Area Freedom Program

​What is Area Freedom and why is it important?

The concept of area freedom is used to describe an area in which a specific pest is absent, as demonstrated by scientific evidence. The freedom from certain pests and diseases results in significant economic, environmental and community benefits, including trade advantages. If a pest is considered to be absent, then no additional phytosanitary measures should be required by the importing state, territory or country with respect to the stated pest, when certain requirements are met. Therefore, an area freedom certificate for a specific pest facilitates the export of plants, plant products and other regulated matter by providing assurance that the pest will not be introduced with traded commodities.

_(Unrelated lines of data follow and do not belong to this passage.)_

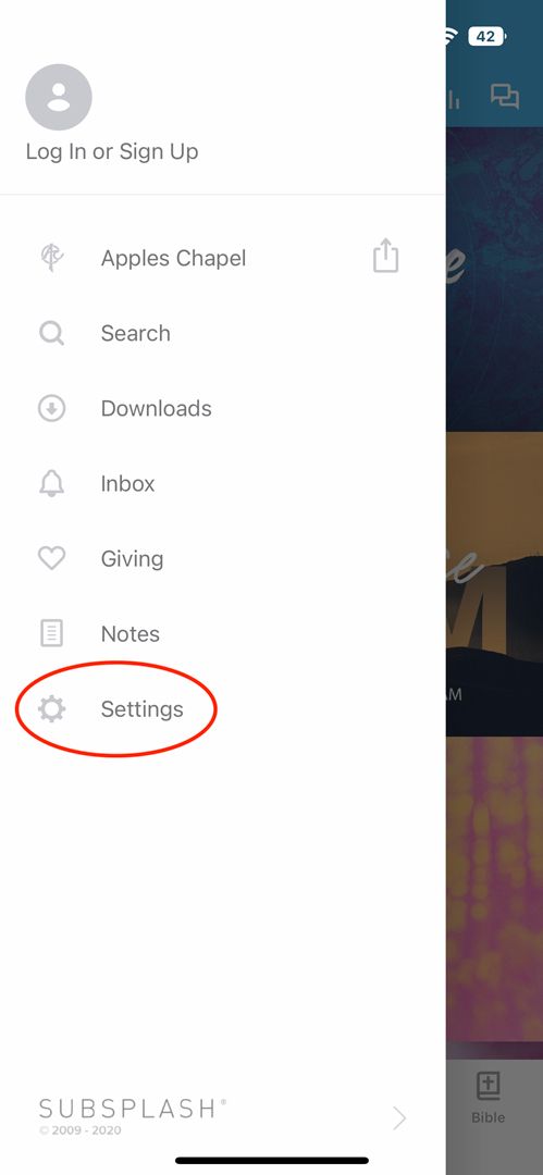 3) Turn on Notifications. This needs to be done in 2 places, within the Apples Chapel app and in your device settings. Follow the screenshots below to enable Notifications in the Apples Chapel app.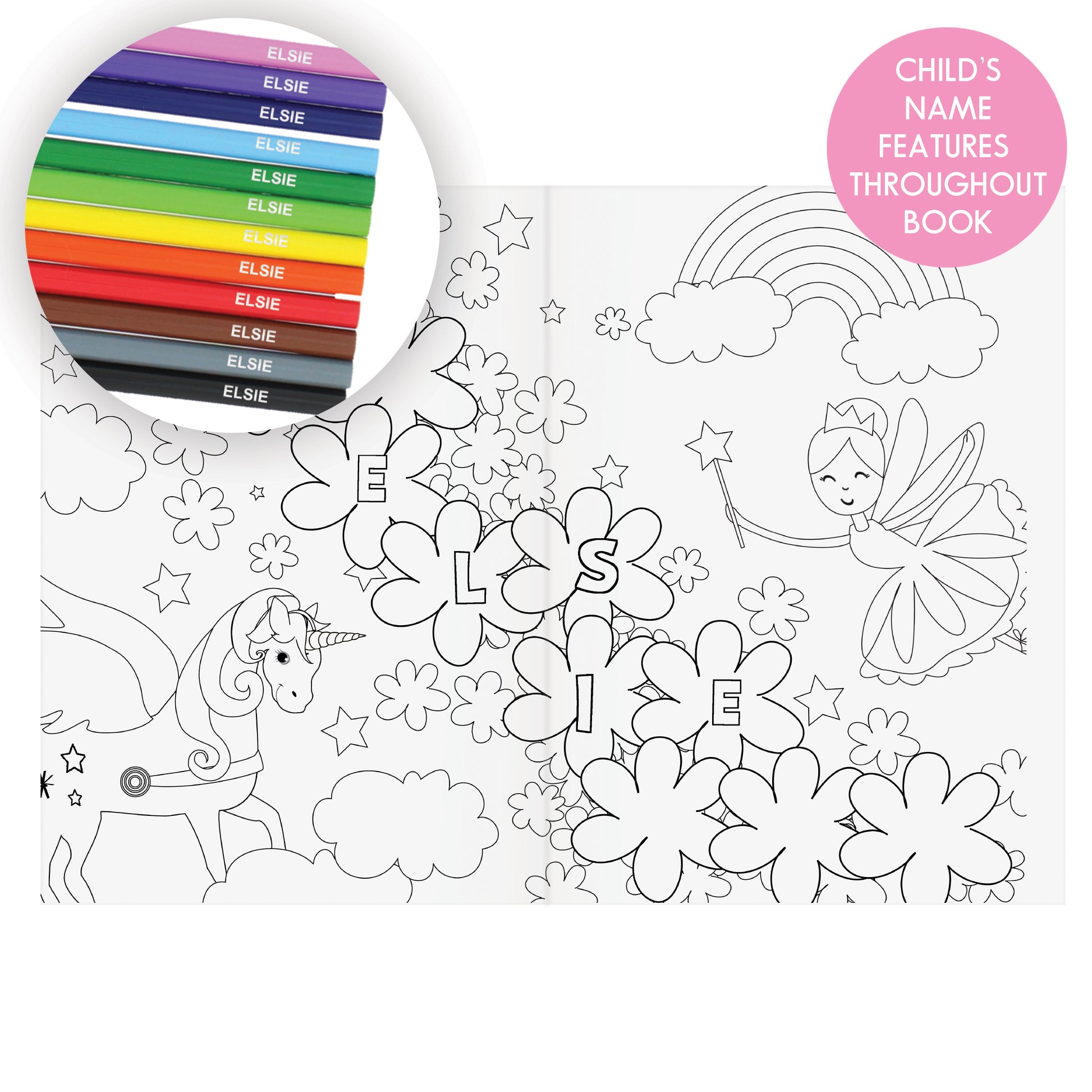 Personalised Princess & Unicorn Colouring Book with Pencil Crayons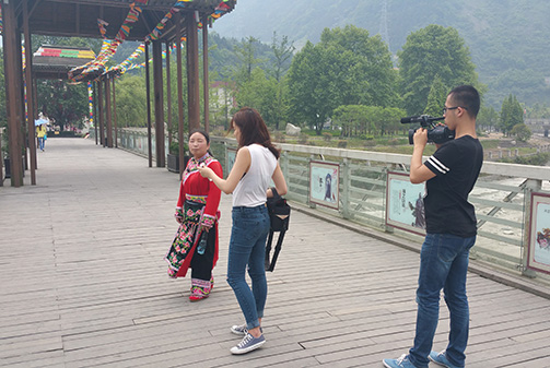 5月14日、15日,系主任包德述教授带领传播艺术系屈涂高阳、辜博文、宋思浩、金小琪等同学前往四川省汶川县映秀、水磨镇展开了为期两天的调研,其目的是探寻微电影艺术在传播少数民族文化中的创新与实践。 14日,当地导游带领他们参观了地震后的映秀,他们不仅拍摄了当地独具特色的建筑,还对导游进行了采访,向他了解在震后的七年中,这座小镇巨大的变化以及他们独有的风土人情。15日,他们又前往了汶川县水磨镇,感受在灾后重建中南粤新元素与藏羌文化交相辉映的各种艺术形式,拍摄震后重建的独特风景,观看当地的藏族舞蹈和羌族舞蹈。在拍摄过程中,他们还现场采访了在汶川地震中断了手臂的老婆婆,了解汶川地震七年来当地人民的生活变迁和艺术传承。 为期两天的拍摄与采访,不仅让传播艺术系的学子收集到大量的素材,而且了解到汶川地震后的人们生活的巨大变迁和传统文化艺术的传承与发展。同学们表示,要充分利用微电影这种艺术形式,为我国少数民族文化的传播做出应有的努力。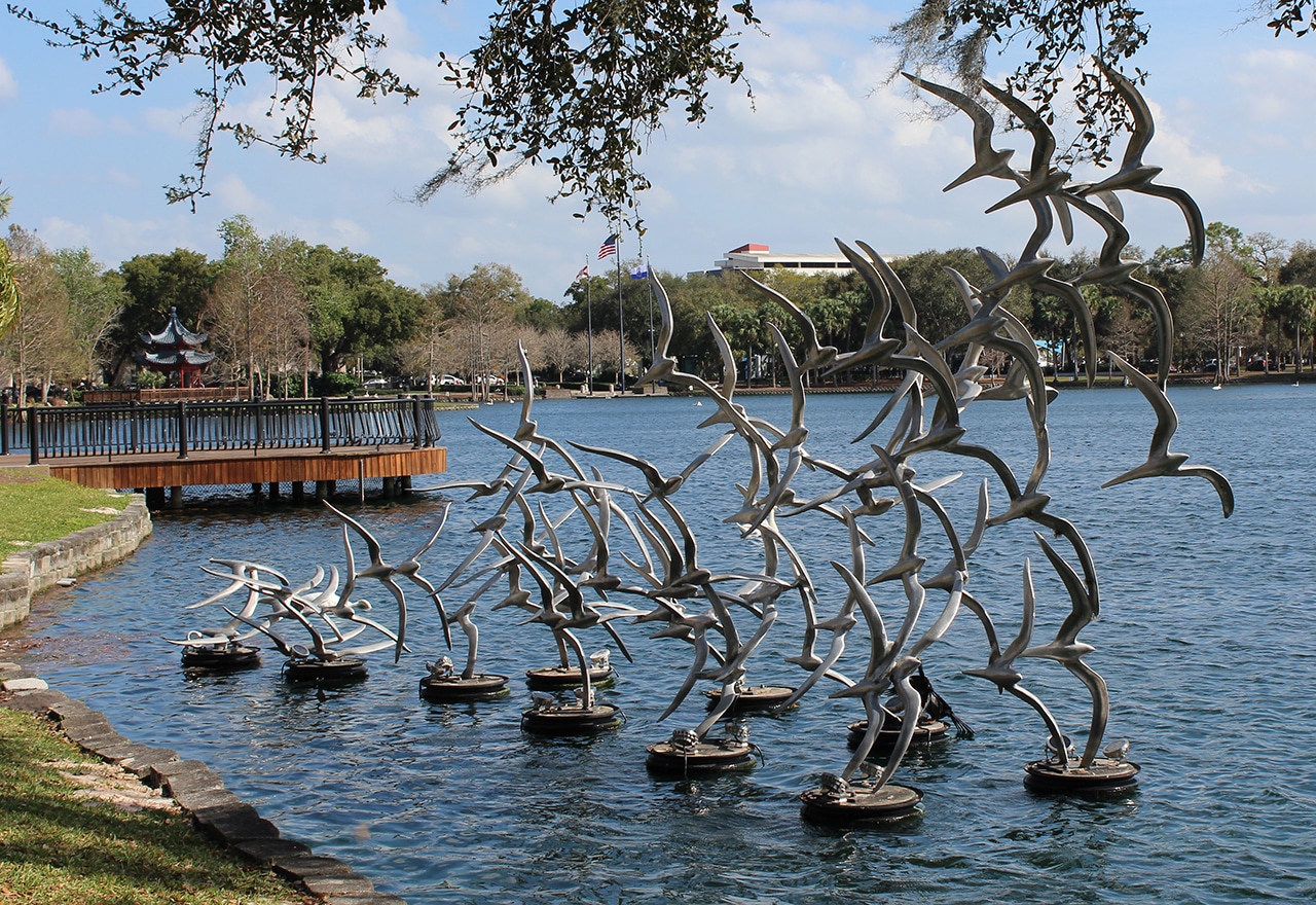 Take Flight by Douwe Blumberg depicts a flock of birds during take-off. “Capturing a fleeting moment of beauty and defying gravity, Take Flight embodies a spirit of freedom and transcendent joy.” – from See Art Orlando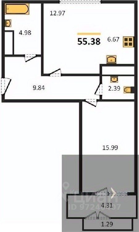 Общая площадь55,38 м2
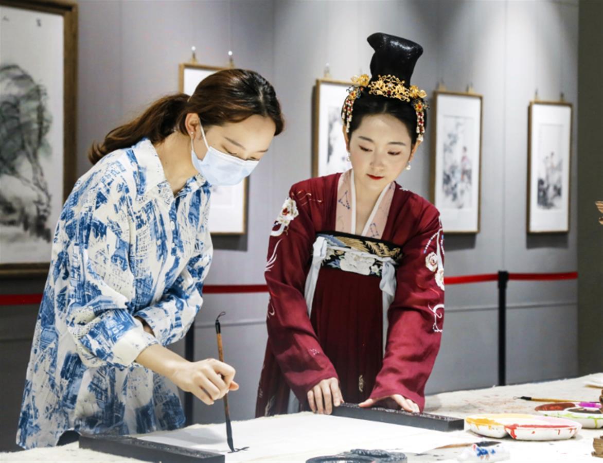 而在主楼四楼,摆好了书案,请游客现场挥毫,最后盖上黄鹤楼印章,在此留下墨宝的游客,还可以将游玩黄鹤楼的欢乐与体验“印”上带走,永远珍藏。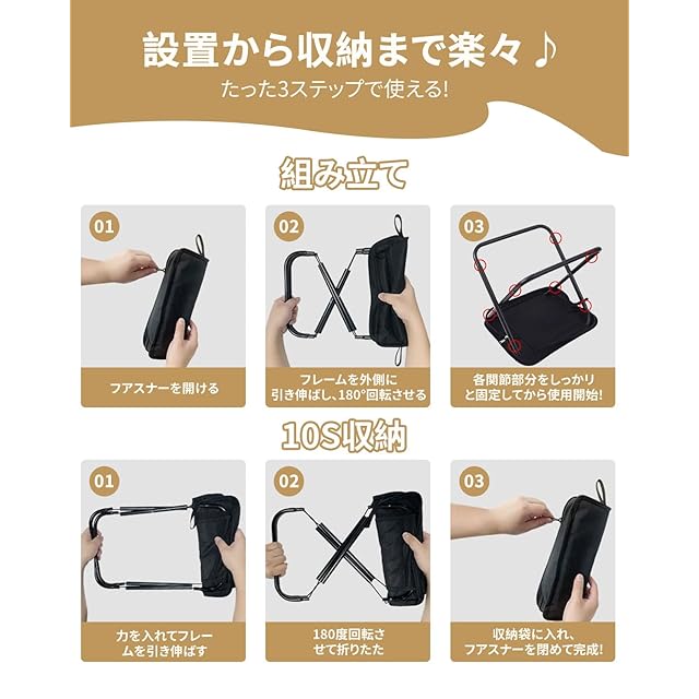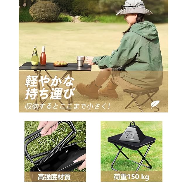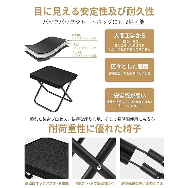 【コンパクトタイプ&安定性】僅か310gで水筒より軽いです。フレーム部分は6061アルミ素材でできており、軽いながら耐荷重は150kgに達しています。持ち手も付きますので、持ち運びに楽々、コンパクトで折りたたみ傘のように使えて便利です。座面は1000Dの厚手で丈夫な生地を使い、張りのある安定した座り心地と耐久性を兼ね備えました。また採用のオックスフォード生地は通気性もよく、快適に過ごすことができます。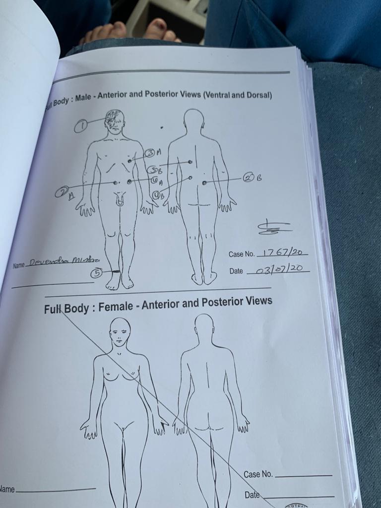 As per the postmortem report, CO Devendra Mishra was shot at 4 times of which 3 bullets went through his body. 1 bullet hit his head, one in his chest and 2 hit his stomach.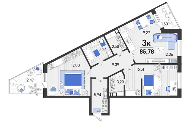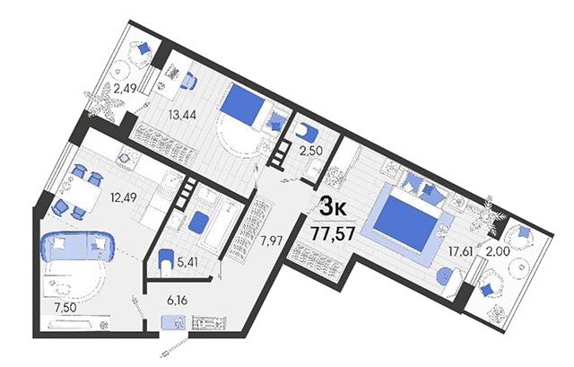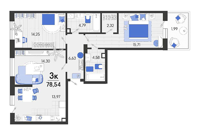 | 2 | 78.54 / 29.96 м² | от 9 189 180 руб. (117 000 руб./м²) | Планировка | |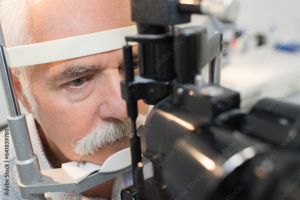 close-up of senior man having eyesight test in clinic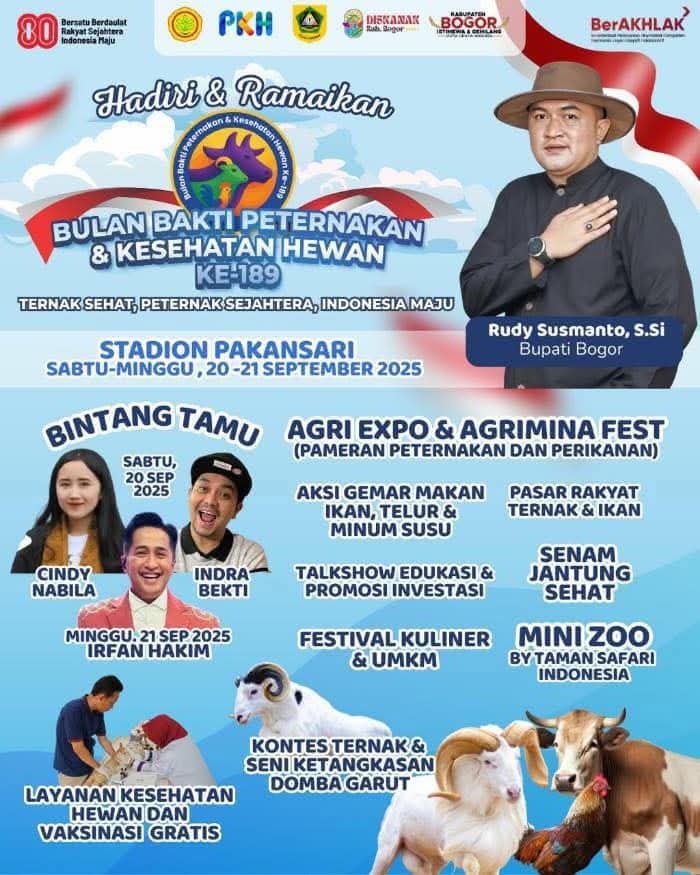 Stadion Pakansari, Kabupaten Bogor, menjadi pusat perhatian ribuan masyarakat pada Sabtu–Minggu (20–21 September 2025) dalam gelaran Bulan Bakti Peternakan dan Kesehatan Hewan ke-189. Mengusung moto “Ternak Sehat, Peternak Sejahtera, Indonesia Maju”, perayaan ini bukan hanya menghadirkan edukasi dan promosi investasi, tetapi juga pesta rakyat penuh hiburan dan tradisi.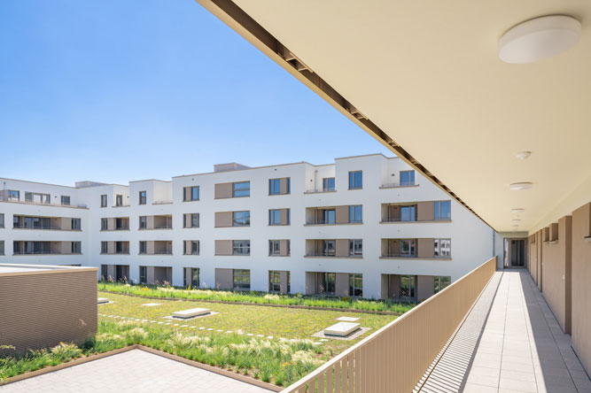 Die kompakten Wohnhäuser mit einem günstigen A/V-Verhältnis (Außenfläche zu Volumen) werden alle über Drei- bzw. Vierspänner wirtschaftlich erschlossen.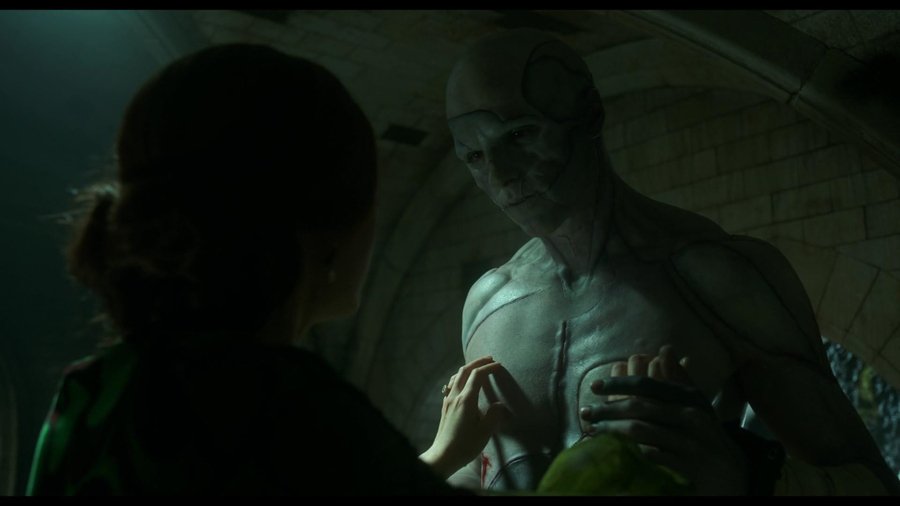 Поведение швов зависит от работы мышечной и тканевой симуляции, когда актер поворачивает голову или поднимает плечи, цифровая модель перераспределяет напряжение, и рубцы ведут себя как часть реальной биологической структуры. Такой подход невозможен в практическом гриме, где накладка остается жесткой. Здесь же монстр перестает быть гримом на человеке, он становится отдельной анатомической системой, визуально независимой от ограничений человеческого тела.
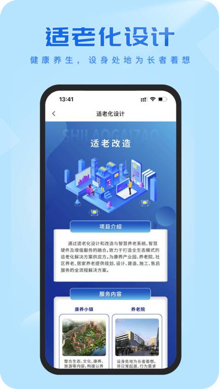 慈海养老是一款给用户提供了综合性服务的App,包含的服务类型非常的多,有购物,养老服务,健康管理,文化工艺以及旅居等,满足了广大用户的需求,会给老年人推出一些有意义的活动,丰富了老年人的生活,也可以购买到更多的优惠商品。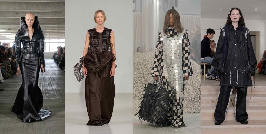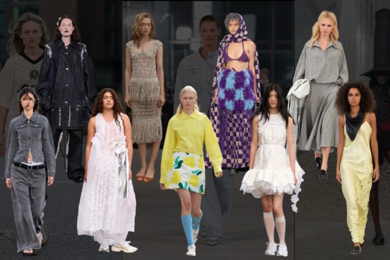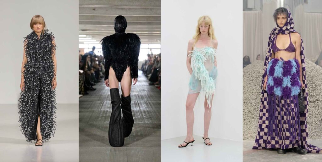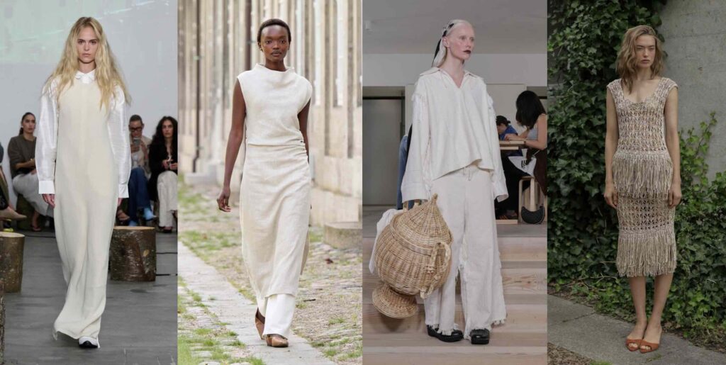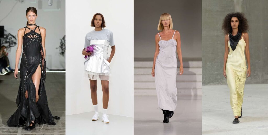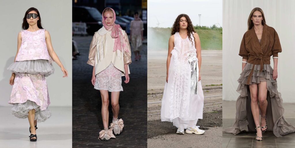 One of the most interesting trends on the list shows a nostalgia that feels surprisingly new to our generation. Not nostalgia for the opulent or bohemian style of the 70s, but a nostalgia rooted in our emotional attachment to our own old clothes, the treasures we find at second-hand stores, or pieces we gifted to younger cousins. Vintage bohemian is grounded in DIY culture where we don’t aspire to perfection anymore. Many pieces look as if they were just sewn together, layered in ways we hadn’t thought of before. Here, more power goes to the styling than the garments themselves, as the trend manifests in mixing and matching, balancing light and heavy, and combining different patterns. Designers are giving a nod to the vintage finds we’ve all accumulated over the years, especially since thrifting became so popular. Cecilie Bahnsen creates a ruffled white dress and disrupts the innocent look with silver inserts, styling it with Asics sneakers for a contrasting look. Meanwhile, Rotate offers a chic option with a skirt tail sweeping the floor, paired with a brown, 80s-inspired chunky jacket that looks like it belonged to a mom when she was a student.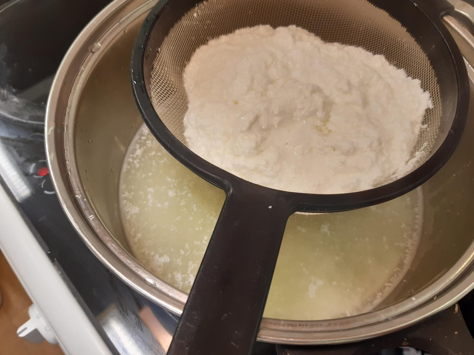 Valmis ise tehtud kartulitärklis ja maitsev kohupiim. Saadi teada uute sõnade kalgendumine ja vadak tähendus. Vt fotot, kus sõelal on kalgendunud hapupiim e. valmiv kohupiim ja potis on ülejääk ehk vadak.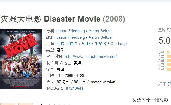 昨天跟朋友一起聊天的时候说到电影这个话题,当时朋友问了个问题说,你见过最奇葩的电影名字是什么吗?说实话,这个十一维还真的没注意过。于是朋友说了一部电影《灾难大电影》,没错电影名字就是这个,出于一种好奇的心理,十一维去看了一遍这部电影。怎么说呢,史上最烂电影?史上最恶搞电影?史上最搞笑电影?貌似都可以安在它头上,貌似也都不恰当。只能说全片水平参差不齐,是个大杂烩吧。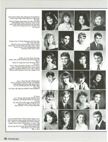 Marrin J. Walsh Baseball, IM Basketball. Sarah Lee Wangsness Tennis (co-capt.), Powderpuff, Softball, Dance Marathon. Job: Meyers Dai.ry. Evan Ware IM Boxing. Job: The Waffle Shop. Sonya Warg Cory Warner Ski Club. Job: Markle's Farm Equipment.

Area Freedom Program in Tasmania

Tasmania has a robust and comprehensive plant biosecurity system that supports the state’s industries, environment, and public well-being. This, and our geographic isolation enable Tasmania to remain free from many pests and diseases that adversely impact other parts of the country and the world.

Biosecurity Tasmania claims area freedom for a range of plant pests and diseases, declared under the Biosecurity Act 2019, and issues area freedom certificates to support market access. These certificates are essential in maintaining existing domestic and international trade opportunities, negotiating access to new markets and gives Tasmanian exporters a financial advantage through reduced phytosanitary costs.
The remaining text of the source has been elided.